• **Work item**: For every line in the material, output its text exactly and exclude any image it holds.

• **Supplied data**:
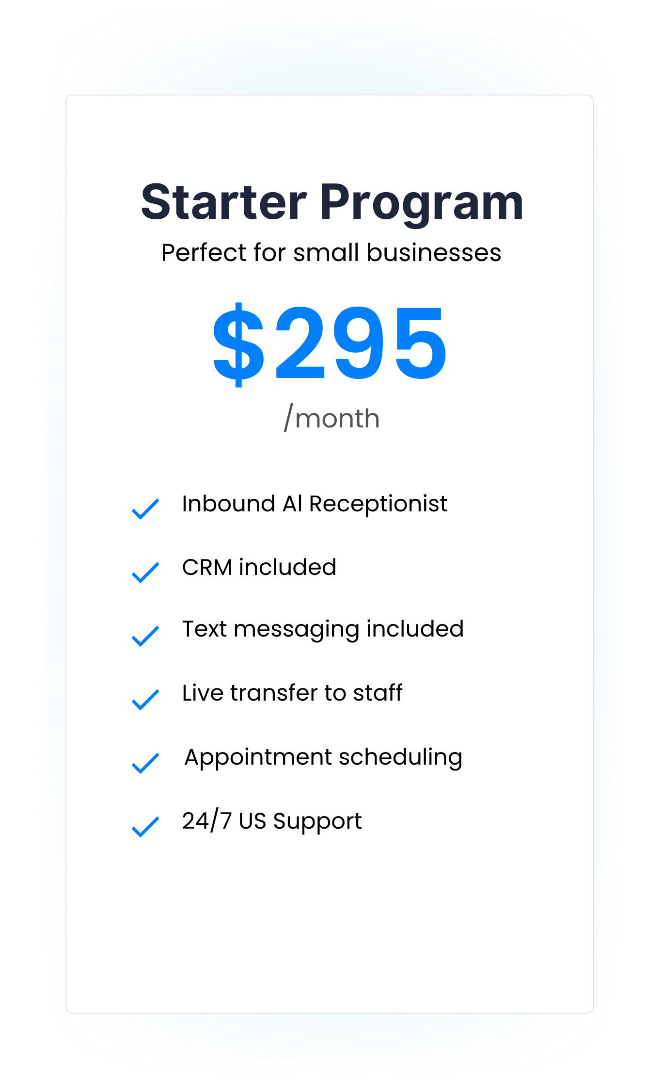 A Monthly subscription keeps your AI employee working properly and always updated. Includes 24/7 U.S. Tech Support and ongoing customization.
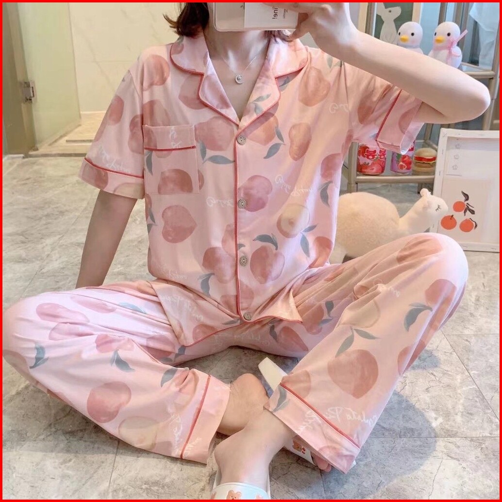 Py004 Baju Tidur Piyama Set Kemeja Cp Lengan Pendek Celana Panjang Import Premium Fit To Xxl
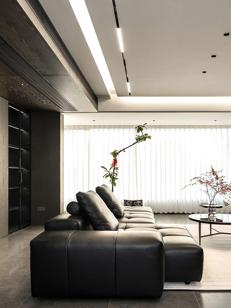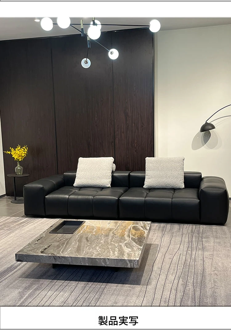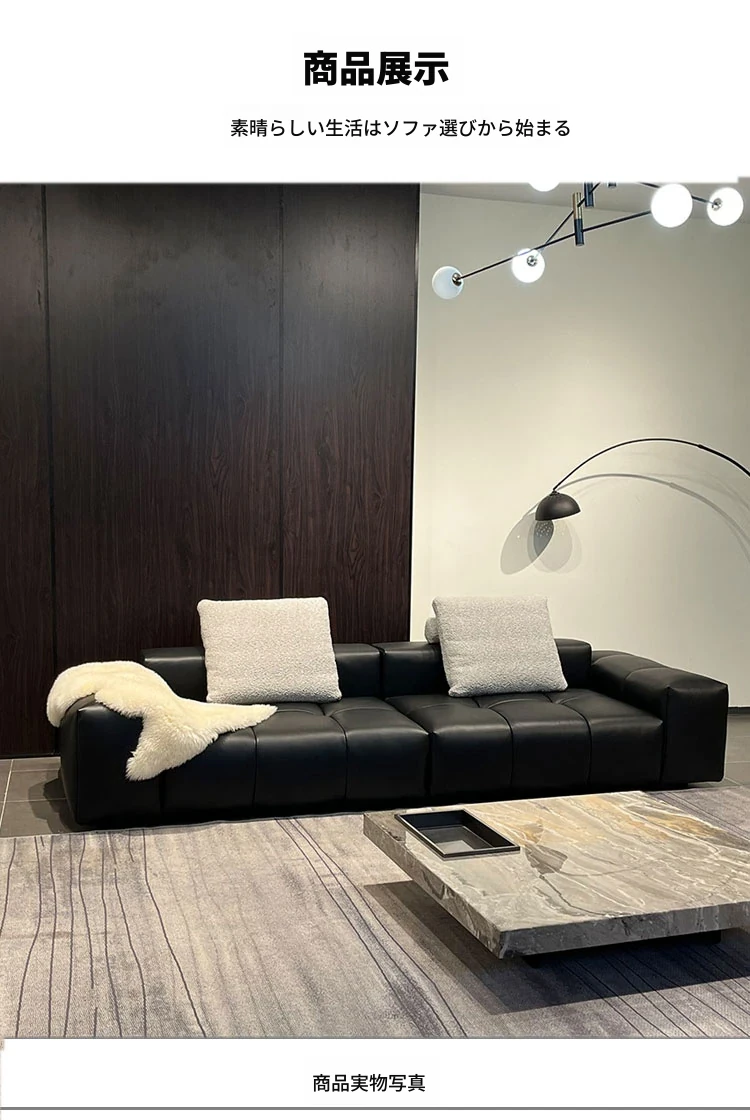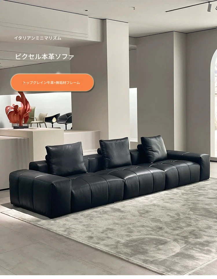 2025年新作!サバピクセルソファ - イタリアンミニマリズムデザインの高級モジュラーモデル。ブラックの本革仕立てで、洗練されたリビング空間を演出します。あなたのスタイルを格上げする一品!

• **Solution for this exercise**:
 A Monthly subscription keeps your AI employee working properly and always updated. Includes 24/7 U.S. Tech Support and ongoing customization.
 Py004 Baju Tidur Piyama Set Kemeja Cp Lengan Pendek Celana Panjang Import Premium Fit To Xxl
 2025年新作!サバピクセルソファ - イタリアンミニマリズムデザインの高級モジュラーモデル。ブラックの本革仕立てで、洗練されたリビング空間を演出します。あなたのスタイルを格上げする一品!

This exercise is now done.